Das nehme ich von hier mit nach Hause:
Unvergessliche Erinnerungen, die man mit vorher Unbekannten teilt und die zu Freunden wurden. Die wunderschönen Trips, die man gemeinsam oder individuell geplant, oder ganz einfach bei einer Reiseagentur gebucht hat:
Dabei ging es für mich nach St. Petersburg (Russland), Tallinn (Estland), Stockholm (Schweden), Riga (Lettland), Vilnius und Kaunas (Litauen), Helsinki, Tampere, Rauma, Pori, Lappeenranta, Jyväskylä, Vaasa, Oulu, Lahti, Porvoo, Kotka, Rovaniemi, Inari, Saariselkä (finnische Teil des Lappland) (Finnland), Oslo, Bygones (Norwegen), Danzig (Polen) und Budapest (Ungarn).
Das alles habe ich auf etwa 5.000-6.000 Bildern festgehalten, von denen ich tatsächlich etwa 50 ausgedruckt und aufgehängt habe und die mich jeden Tag an bewegende Momente, Menschen und Orte erinnern.
Gut zu wissen
Diese landestypische Speise sollte man unbedingt probieren:
Das fragen sich die Finnen selbst … und kommen dann ganz plötzlich auf: Salmiakki (Salzlakritze), Salmiakki Snapsi (Lakritzlikör), Savulohi (geräucherter Lachs), Korvapuusti (Zimtbrötchen), Karjalanpiirakka (Gebäck) und Leipajuusto (Käse).
Welches Fettnäpfchen sollte man in Finnland vermeiden?
In Turku heißt es: „Turku ist die wahre Hauptstadt Finnlands!“ und in Helsinki: „Helsinki ist die einzig wahre Hauptstadt!“ – bitte merken! Und: Das Thema finnischsprachige-Finnen und schwedischsprachige-Finnen lieber meiden, es sei denn, ihr wollt ein paar Vorurteile über die jeweils anderen hören.
Außerdem spottet niemals über die Sauna – das gleicht hier einem Kapitalverbrechen.
Ebenso wie man einen Sami nicht nach der Anzahl seiner Rentiere fragt. Man fragt euch ja schließlich auch nicht nach eurem Kontostand.

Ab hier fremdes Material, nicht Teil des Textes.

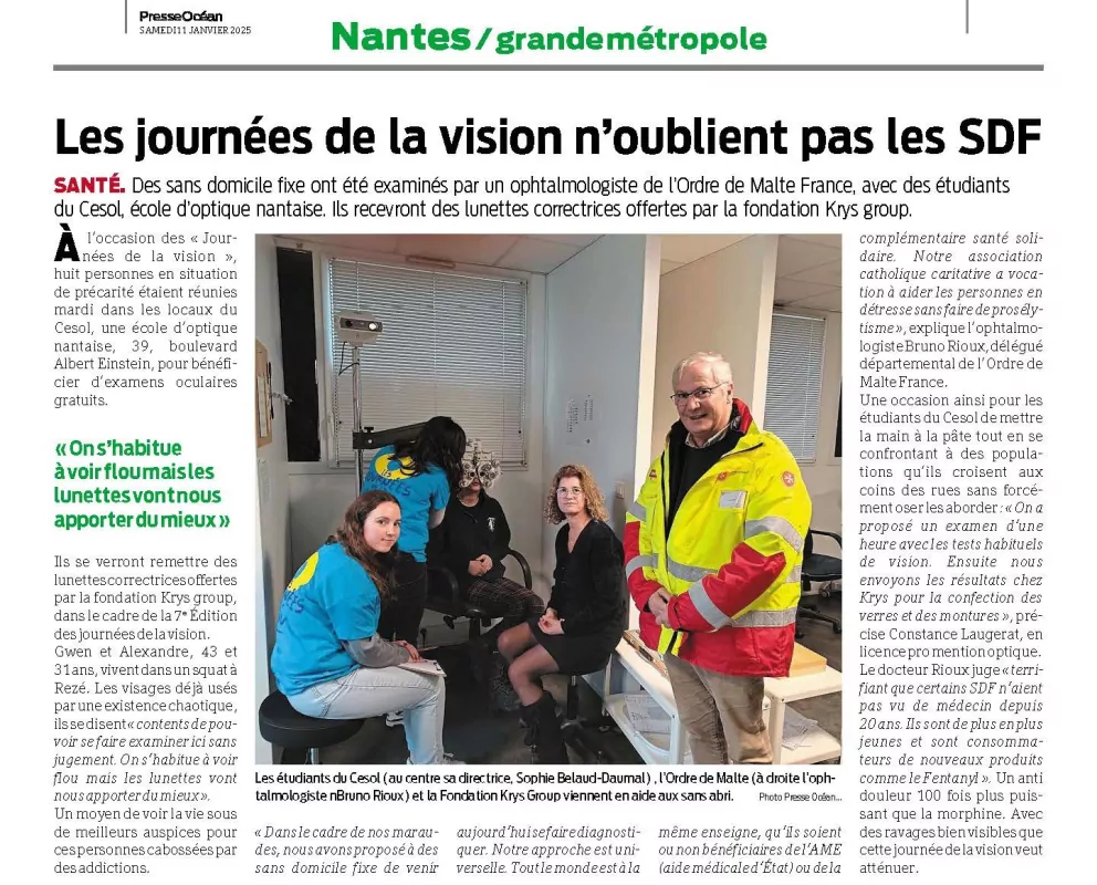 Examen de la vue, monture et verres offert aux personnes fragilisées, rencontrées lors de nos maraudes et petits-déjeuners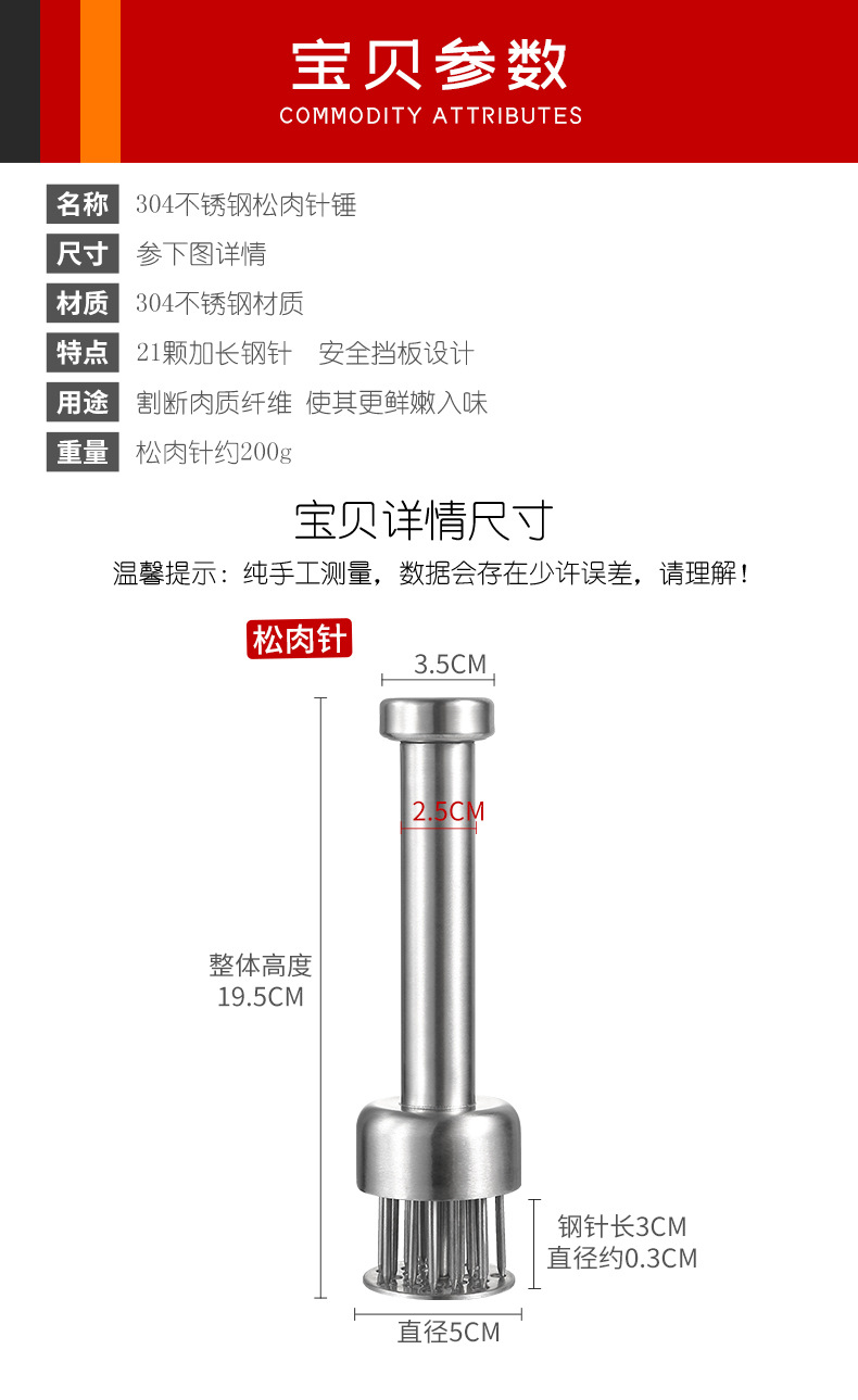 Оптовая Продажа с фабрики 304 нержавеющая сталь сосновая игла бытовой рыхлый мясной молоток нежный мясной молоток сломанный сухожильный галстук Мясо Стейк кухонный инструмент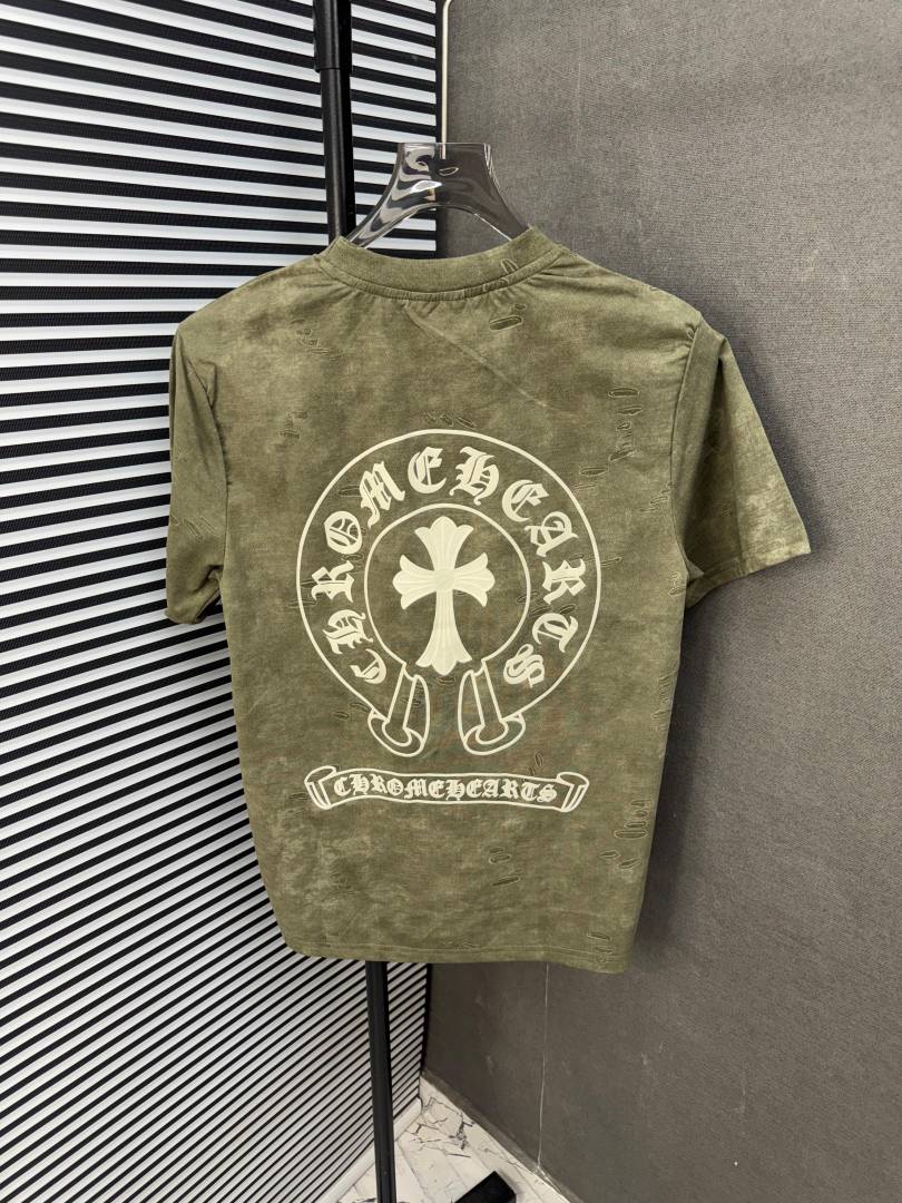 CHROME HEART OLIVE IMPORTED FABRIC CURRENT STORE ARTICLE VERY PREMIUM ROUND NECK TSHIRT 489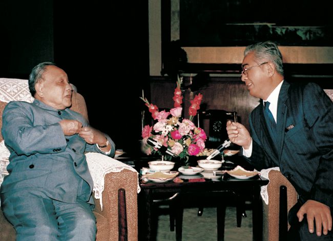 鄧小平、榮毅仁合影,圖據(jù)中信城開提供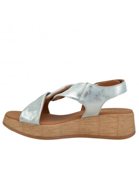 Descripción: Sandalia mujer PAULA URBAN 33-614 en suave piel anudada ligeramente metalizada blanca. Ajuste con velcro trasero. Forro y cómoda planta anatómica en piel. Piso ligero con plataforma antideslizante.

Diesen Tipp gebe ich anderen Studierenden, die ins Ausland gehen möchten:
Habt keine Angst davor eure Freunde, Familie und Universität in Deutschland zu verlassen. Ihr seid nicht für immer weg und die Formalia sind mit ein wenig Aufwand ebenfalls in den Griff zu kriegen. Falls ihr je den Wunsch hattet, im Ausland zu studieren, dann macht dies – informiert euch, redet mit Freunden, Familie, lasst euch vom International Office beraten und bewerbt euch. Es liegt in eurer Hand. Bereuen und die Heimat vermissen werden ihr schon nicht, dafür bleibt gar keine Zeit beim Erkunden der neuen Kultur, des Landes und dem Knüpfen neuer Freundschaften! Selbst wenn es euch ein oder zwei Semester mehr kosten sollte, nehmt die Möglichkeiten wahr. Es ist wunderbar und einzigartig!!